November 16, 1996|By Hal Piper

YOU CAN HAVE the '90s; David Gelernter will take the '30s. When I heard him speak a couple of years ago, he was a Yale professor working on whether emotion could be designed into computers. But his topic that day was modern technology. Mr. Gelernter thinks it is pretty mediocre, driven more by narcissism than human need.

Thus we have a lot of gee-whiz computer stuff, from virtual shopping to virtual sex, but too few technologies aimed at alleviating social problems -- or even making life easier or more pleasant. Technologies developed in the 1930s -- superhighways, air conditioning, television -- though not unmixed blessings, were grounded in the realities of daily life.

An example from my profession, I suppose, might be the ''newspaper of the future.'' Already it is possible to get news downloaded into your computer instead of delivered to your door. But it's vastly more expensive, and much more awkward to carry around. For most people, the only reason to want it is to avoid being thought ''technophobic.''

And yet ours is, Mr.

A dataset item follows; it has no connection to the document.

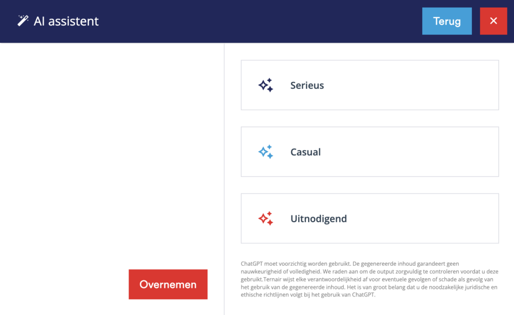 Wanneer je tevreden bent over de tekst, klik je op de button ‘Overnemen’. De tekst wordt dan overgenomen in de e-mail.

Gelernter suggested, a technophobic society. Much current popular science fiction (''The Andromeda Strain,'' ''Jurassic Park'') plays on our fears of Frankensteinian technology running terribly amok.

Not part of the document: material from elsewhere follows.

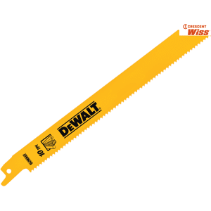 DeWalt: Bi-Metal General Purpose Reciprocating Blade 203mm x 10 TPI (Pack 5) DEWDT90383QZ DEWALT Fast Cut General Purpose Reciprocating Blades have a bi-metal construction, a combination of HCS and HSS for greater flexibility. Adjusted tooth setting for maximum durability and M2 HSS cutting edges for sharpness. The universal shank fits all major brands including DEWALT, Bosch, Hitachi, Flex, Makita, Metabo and Skil. Suitable for wood, ferrous and non-ferrous metals, sheet steel, pipes and profiles. Specification Length 203mm Pitch 2.5mm TPI 10 Pack Quantity 5 MPN: DEWDT90383QZ EAN: 5054905250300 Bi-Metal General Purpose Reciprocating Blade 203mm x 10 TPI (Pack 5) DEWDT90383QZ Attributes: Applications: Metal & Wood Length: 203mm MFR Part No.: DEWDT90383QZ DEWDT90383QZ Pack Quantity: 5

Mr. Gelernter recalled that the New York World's Fair of 1939 envisioned a glorious future of shining cities and human ease. And yet if ever there was a time that should have been wracked with fearfulness and doubt, it was 1939, after years of Dust Bowl and Depression, on the eve of world war against German and Japanese fascism. Why are we Americans, prosperous and at peace, so pessimistic about the human prospect?

Mr. Gelernter has developed his themes in the current issue of City Journal, published by the Manhattan Institute. His particular target is environmentalism, and his charge is that its credo -- ''careful, hands off, don't touch!'' -- has made us passive.

Again, he contrasts present and past. The 1930s saw the completion of the Golden Gate Bridge, the Boulder Dam and many of New York's bridges and tunnels. But it was hardly an anti-environmental time: Franklin D. Roosevelt added to the national parks, and his Civilian Conservation Corps tended forests and built wildlife shelters.

The 22-year dither

Today, though we love nature, litter piles up in our city parks, and when a major New York highway collapsed, the city dithered for 22 years before beginning reconstruction.

It is a matter of will, Mr. Gelernter argues. We no longer believe in our ability to create a better human environment. Nor should we try, the environmentalists tell us: We are one species among many, of no more moral significance than a kangaroo rat, and our duty to nature is to leave it alone.

We must not ''fall victim,'' Vice President Al Gore warns, ''to a kind of technological hubris.''

''Hubris'' is exactly the point, Mr. Gelernter retorts: ''Manhattan took colossal hubris -- a great city on a small island, cut off from food and water?'' He quotes from a Federal Writer's Project description of New York's tall buildings as ''the expression of American daring and American contempt for limits.'' ''Of American hubris!'' Mr. Gelernter adds -- ''how could you say it more clearly?''

''He who says man cannot improve on nature,'' wrote Gerald Wendt, science director of the New York World's Fair, '' . . . forgets that steel, concrete and glass are all unnatural products.''

It's a different time now. ''As for us,'' Mr. Gelernter concludes, ''we cannot make the slightest contribution to nature's achievements; we are mere fusspot curators. The energy we used to invest in making things better we have decided to spend, instead, in keeping them the same.''

Hal Piper edits The Sun's Opinion Commentary page.